Tiga WNI yang terjebak di Pulau Socotra, Yaman, sejak 3 Januari lalu segera dipulangkan ke Indonesia. Hal ini diungkapkan oleh juru bicara Kementerian Luar Negeri (Kemlu) RI, Vahd Nabyl Achmad Mulachela, kepada media di Jakarta, Jumat (9/1). Mereka sedang berada di pulau resor tersebut saat serangan udara dilancarkan pasukan koalisi yang dipimpin Arab Saudi, hingga tak bisa keluar dari pulau.
“Kami telah berhasil mengevakuasi tiga WNI yang sejak akhir Desember lalu tertahan di Pulau Socotra Yaman, akibat keterbatasan akses menuju wilayah tersebut. Pada hari ini Jumat 9 Januari 2026 pukul 14:30 WIB atau pukul 10:30 waktu setempat, ketiga WNI tersebut telah berhasil diterbangkan dari Pulau Socotra menuju kota Jeddah untuk transit. Rencananya pada pukul 17:30 waktu setempat akan melanjutkan perjalanan ke Indonesia. Ketiga WNI tersebut dalam kondisi yang baik,” ungkap Nabyl.
Sebelumnya, KBRI Muscat menerima informasi dari Satgas Perlindungan WNI di Yaman, bahwa terdapat tiga orang WNI yang terjebak di Pulau Socotra pada 3 Januari lalu.

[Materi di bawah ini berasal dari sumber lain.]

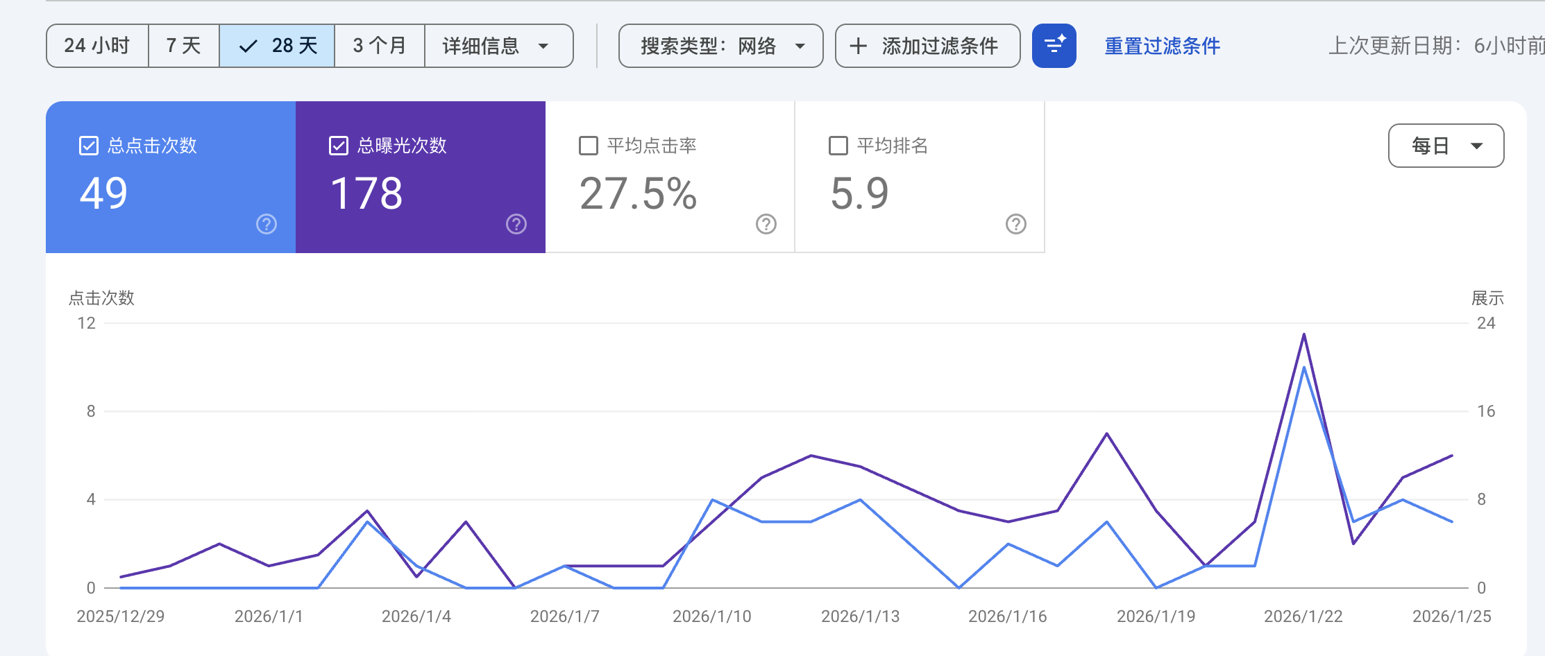 这个工具可以帮助你了解你的网站在整个 Google 搜索引擎里的表现情况,它会告诉你Google 是否收录了你的网页;你的网站在 Google 搜索里排第几名;大家搜什么词找到了你,如下图: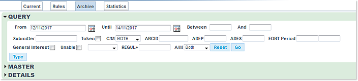 The QUERY section for the Archive Tab is also very similar to the one present on the Current Tab - with the exception of a number of additional filters allowing to specify Date and Time parameters:

Saat kejadian, wilayah udara Yaman ditutup oleh pemerintah Saudi akibat serangan militer ke pelabuhan Mukalla pada 30 Desember 2025.
“Para WNI ini tidak dapat keluar dari Sokotra karena tidak ada penerbangan yang beroperasi. Ketiganya masuk masuk ke Socotra melalui jasa operator wisata yang berbasis di Uni Emirat Arab,” jelas Plt Direktur Perlindungan WNI Kemlu, Heni Hamidah.
Menyusul peningkatan konflik di Yaman, Kemlu RI mengimbau seluruh WNI yang akan melakukan perjalanan ke luar negeri agar senantiasa memperhatikan dan mengikuti himbauan mengenai kondisi di negara tujuan. Warga Indonesia juga diminta untuk mengikuti perkembangan internasional, khususnya jika perjalanan dilakukan menuju tempat-tempat yang rawan dan berbahaya.
Nabyl menambahkan, pemerintah Indonesia mendukung dialog komprehensif yang digagas Arab Saudi agar konflik dapat diselesaikan dengan cara-cara yang kondusif.
“Kita menyambut baik upaya dari Arab Saudi yang menawarkan diri untuk melakukan dialog komprehensif di Riyadh, pada saat ini Indonesia mengambil posisi seperti itu. Untuk kondisi WNI kita sendiri di Yaman Selatan jumlahnya cukup banyak. Alhamdulillah, tidak dilaporkan adanya korban dari WNI,” ujar Nabyl.